Diagram Image By Bill Stafford - Own work, CC BY-SA 3.0, Link

Image

VLAN 0

Take unfiltered trace on the NetScaler appliance. Filter your NetScaler trace in Wireshark by VLAN 0. The obvious qustion how does the NetScaler make use of VLAN 0?

nstrace.vlan == 0

I highly recommend adding at least the following additional columns to your Wireshark for troubleshooting purposes.

  • TIME
  • TCP DELTA
  • TCP STREAM
  • 802.1Q VLAN id

Shown on the picture below:

Image

Filtering or not the trace, you’ll notice almost all traffic in VLAN 0 is sourced from 127.0.0.1 to 127.0.0.2. RSL, Syslog, etc. Here and there you can see the MGMT IP (10.33.33.50 on the picture below).

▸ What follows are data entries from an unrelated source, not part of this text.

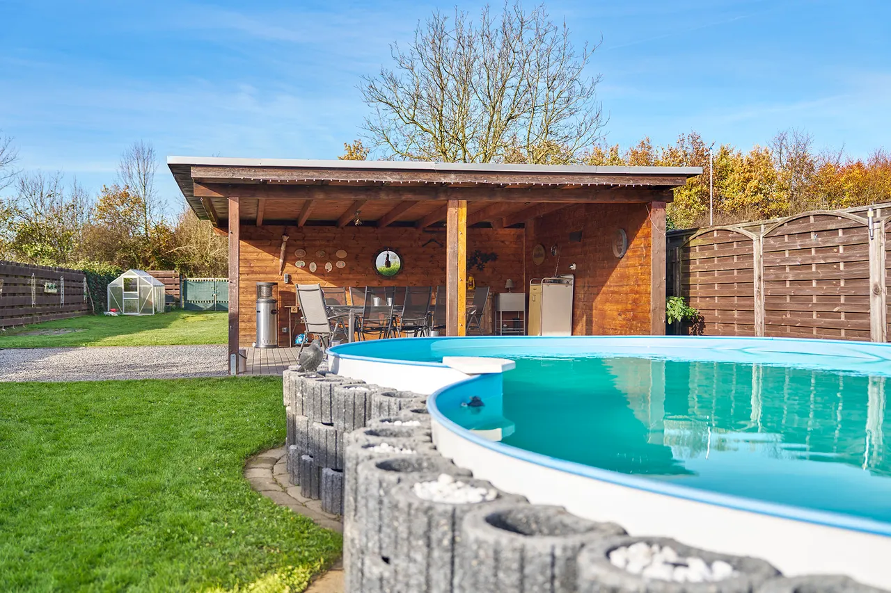 - Pool 6,80 Meter x 3,50 Meter x 1,20 Meter (0,5 Meter im Boden eingelassen)
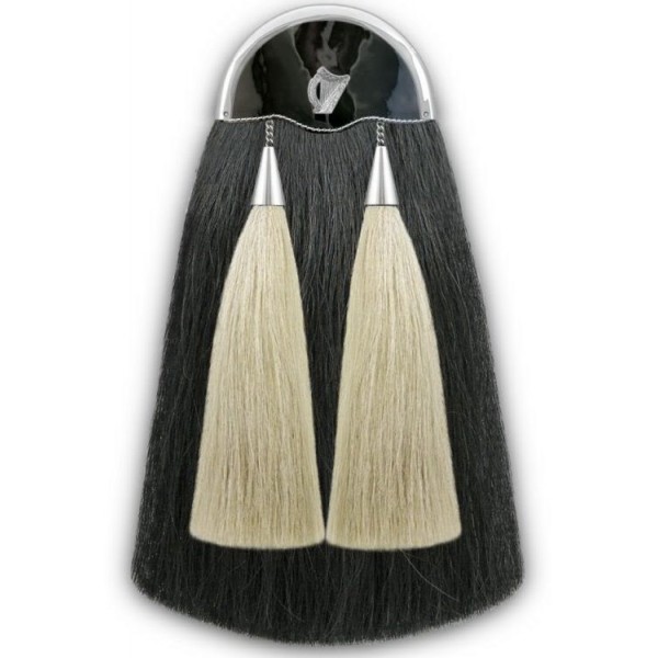 Military long horse hair sporran made in pure leather, Original black long horse hair on the front two white long horse hair tassals with back pocket nickel plated light cantle and nickel plated harp badge...
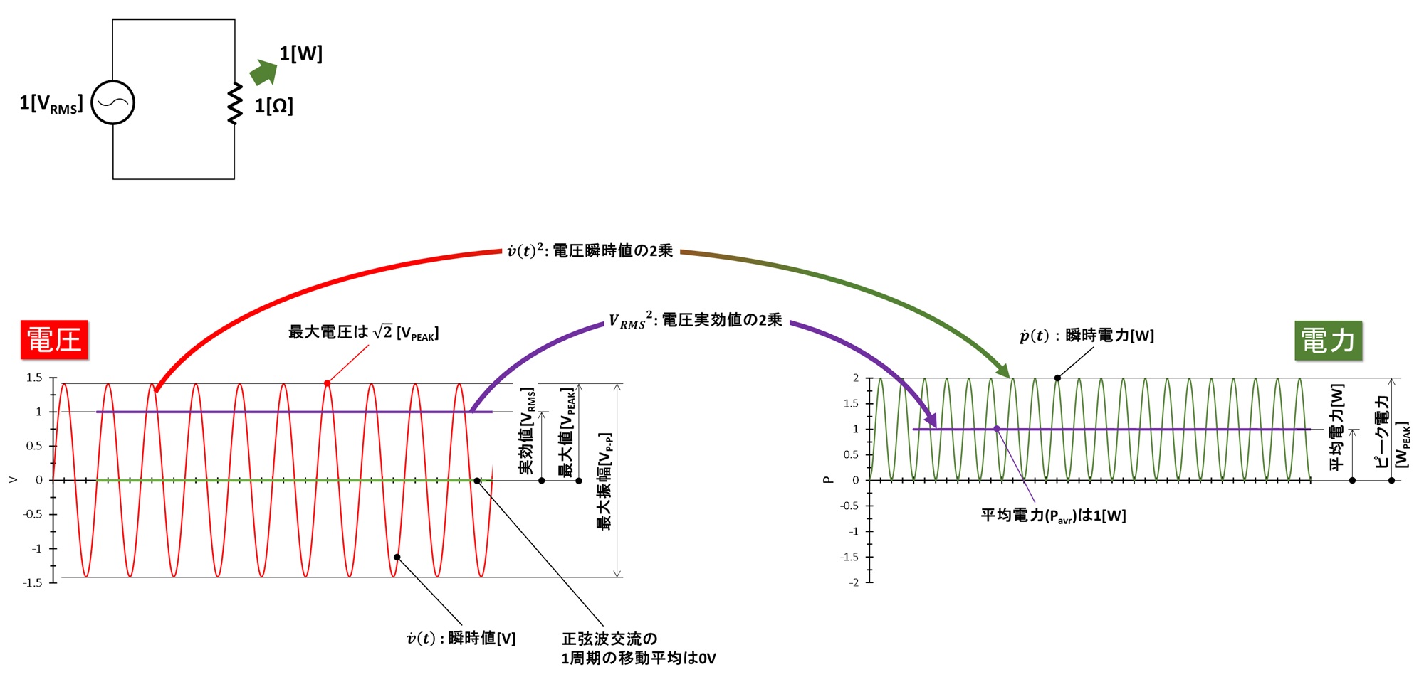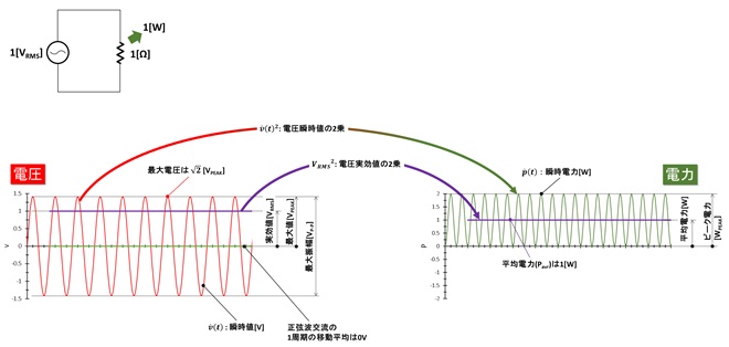 交流電圧には「平均電圧」の定義※1も存在しますが、ここでは敢えて省略しました。何故かというと交流電圧(電流)は正負が対称になる振動なので、1サイクルの平均値は必ず0[V]になるからです。一方で電力には「平均電力」が存在します。ここで負荷抵抗R=1[Ω]とおくと、電圧と電力
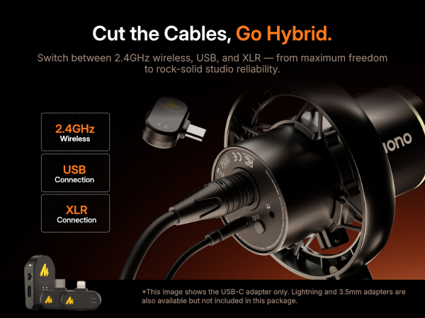 Hybrides dynamisches Mikrofon mit drei Verbindungsmöglichkeiten: 2,4-GHz-Funk, USB oder XLR. Bis zu 60h Akkulaufzeit, 60m Reichweite, dreistufige Geräuschunterdrückung und RGB-Beleuchtung, inkl. Mikrofonarm - Schwarz

It looks like internal bridge communication for the management from one loopback address to another. This is perfectly fine, it will not be the first device using it with such purpose.

Image

On a closer look I found IPSEC traffic with IPSEC IKE_SA_INIT originating twice from VLAN 0 & VLAN 4004 (the latter the VLAN configured on the box). Without loopback addresses this time. Looks almost as VLAN 0 traffic is duplicate of the real traffic and the IKEv2 initial exchange. Why do we have it twice? My first assumption was the CloudBridge (IPSEC) functionality isn’t exactly Client-Server traffic and for one reason or another should passthrough that internal management bridge.

Image

But if we keep examining the trace, we’ll find TLS and HTTP traffic in VLAN 0. These sessions are also duplicates of real traffic in their respective VLAN and that’s definitely Client-Server Traffic. The weird thing is that not all sessions have duplicates in VLAN 0. Why is that?

Image

Software Packet Steering

This happens when the NetScaler performs software steering from one packet engine to another. The NetScaler must have multiple data cores assigned in first place. You can check the Core handler in the trace with the below filter. For certain types of traffic, the NetScaler must perform it even when same core is the initial handler. Usually happens in Frontend - Backend TCP session handling. The Frontend TCP session and the backend TCP session to be handled by the same packet engine (CPU).

nstrace.coreid == x  

You can also trace the behavior with the following counter incrementing:

nsconmsg -s disptime=1 -d current -g rssf_tot_filters | more

This behavior has one major drawback. Wireshark’s interpretation of traffic will be wrong for TCP based sessions. All of a sudden there are TCP Retransmissions and Out-Of-Order packets. You can no longer rely on Wireshark’s labeling as "TCP Retransmission" as the TCP sessions are seen twice. That’s why you would generally exclude VLAN 0 information from the trace by including the following filter:

nstrace.vlan != 0

It’s almost the situation with traces capturing both packets buffered for transmission and transmitted packets.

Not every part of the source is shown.